Friday, March 12, 2010

Insert Foot Here

Ironically, the following morning after posting an entry about the convoluted ethics of nature photography I found myself, quite literally, blurring a line that I thought I had so clearly drawn. A fellow coworker, having seen my giclees, asked if I would optimize and print an image of a roseate spoonbill (the birds we're studying) as a gift for another friend. The file came from a different photographer so I made sure to get the artist's permission before agreeing.

When I received the file I thought it would need a standard resizing or some minor color and tonal adjustments. After opening the jpeg, however, I was surprised to see that a beautiful moment between a spoonbill and her chick, soon to be proudly decorating someone's living room, was rudely obscured by a menacing, rogue branch.

Image property of National Audubon
Photographer: Brennan Mulrooney

I tried several methods to lessen the limb's presence in the photograph, methods which I guarded in my moral arsenal as legitimate, fair, and truthfully representative of the moment. No matter how much I dodged, burned, or accentuated the background, I could not bring the attention away from the branch.

Surrendering, I accessed the clone stamp to begin effectively erasing the branch, replacing its pixels with surrounding patterns. At first, I tried a couple of small sections laughing to myself how easy it was without formally committing.
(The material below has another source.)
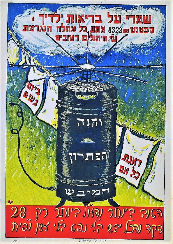 הראש היהודי ממציא לנו פטנטים כמו ההמצאה הזו: מייבש חיתולים. בתקופה, שבה השתמשו בחיתולי בד לתינוקות, עונת החורף הייתה מאתגרת. ההמצאה הזו נועדה לייבש את הבדים במהירות – ייבוש שעזר גם לאימהות וגם היה בריא לילדים. ציור של י. ויסברג. (KRA2075)

After a minute, the top and middle section were finished, seamlessly, and more and more I started convincing myself, that this was the way the image was meant to look. I even created scenarios in my head of why the photographer didn't just move two feet to the left. Perhaps he was already climbing in a tree and couldn't change positions without scaring the birds. Maybe there were other branches looming just outside the left frame. I vindicated the ill-fated photographer with a few clicks of the mouse. I thought about how many otherwise great images I had thrown away simply because a twig, a telephone wire, a piece of trash, or an unwanted blemish snuck its way into the frame.

Image property of National Audubon
Photographer: Brennan Mulrooney

Once I was done, I looked at the two side by side and wondered if I were the photographer, would I discard this image with the other undesirables simply on principle or would I accept this face-lifted version of the truth as another piece of art? Would the integrity alone of throwing this image away pay higher dividends in the long run? Or, would I have more to gain by allowing myself complete creative flexibility? I don't know.

I'm usually very quick to draw my lines in the sand and stand assuredly on one side but this wonderfully constructed moral dilemma helped reveal a little further the ambiguities of art, especially in the digital age.

I eventually printed out the retouched version and urgently gave it to my coworker as if it carried a curse.